In China’s biggest cities, delivery workers are dealing with a growing challenge that appears only after they enter the building. As residential towers reach 60, 70 or even 100 floors, the final stretch of a delivery often takes more time than the entire journey across the city. This has led to the rise of a new informal workforce that steps in to complete the climb that delivery riders cannot afford to make.
In cities like Shenzhen, where hundreds of skyscrapers cross the 150 meter mark, couriers now hand off meals and packages to workers known locally as last mile climbers. These workers rush through complex elevator zones, security checkpoints and confusing service corridors so that the original rider can meet strict delivery targets. This system has grown out of necessity, revealing a deep mismatch between towering architecture and everyday logistics.
Shenzhen alone has more than two hundred super tall buildings, many housing thousands of residents who rely heavily on food and grocery delivery. Yet these buildings are designed for height and appearance rather than daily service access. Elevators serve different zones, access rules vary widely and the interiors can be difficult to navigate even for residents.
Reports show that couriers often spend thirty to forty minutes inside a single tower. Many now pay younger runners a few yuan per order to complete the final vertical stretch. These workers operate without contracts or formal recognition, filling a gap that the system fails to address.
The problem reflects larger issues in modern urban design. Studies show that inefficient internal layouts in tall towers can triple delivery time compared to mid rise buildings. Urban design experts say developers build for height and branding, not for the movement of workers and services. As a result, dense vertical cities have become difficult environments for the people who keep them running.
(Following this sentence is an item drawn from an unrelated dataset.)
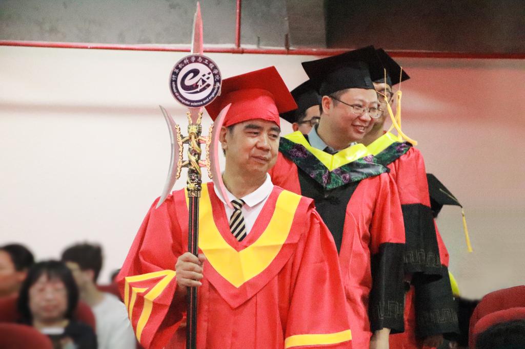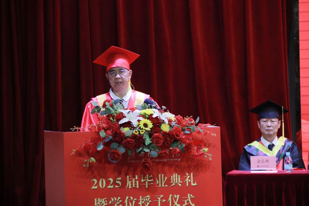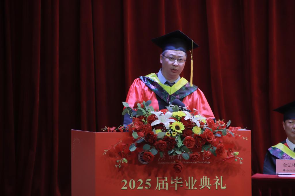 太阳成集团tyc122ccvip、人工智能与数字经济产业公司经理贺敏伟在致辞中,回顾了同学们在校期间的成长历程与蜕变时刻,高度肯定了大家在学科竞赛、科研实践等领域的亮眼表现。他勉励全体毕业生要传承校训精神,勇做粤港澳大湾区建设的奋进者、科技创新的探索者,在强国征程中书写无愧于时代的青春答卷。

The pressures are intensified by platform algorithms that drive China’s vast food delivery market. More than ten million riders work in the sector and hundreds of millions of consumers place orders every day. The systems do not factor in the time required to reach upper floors. Once a workers enters the lobby, the algorithm assumes the delivery is complete.
Although companies have promised improvements after public criticism, researchers say the pressure for speed remains unchanged. Many riders work over twelve hours a day and admit to taking risks to avoid penalties.
The rise of vertical couriers offers a glimpse into how gig work interacts with rapid urban growth. It highlights the strain created when cities reach upward faster than systems can adapt.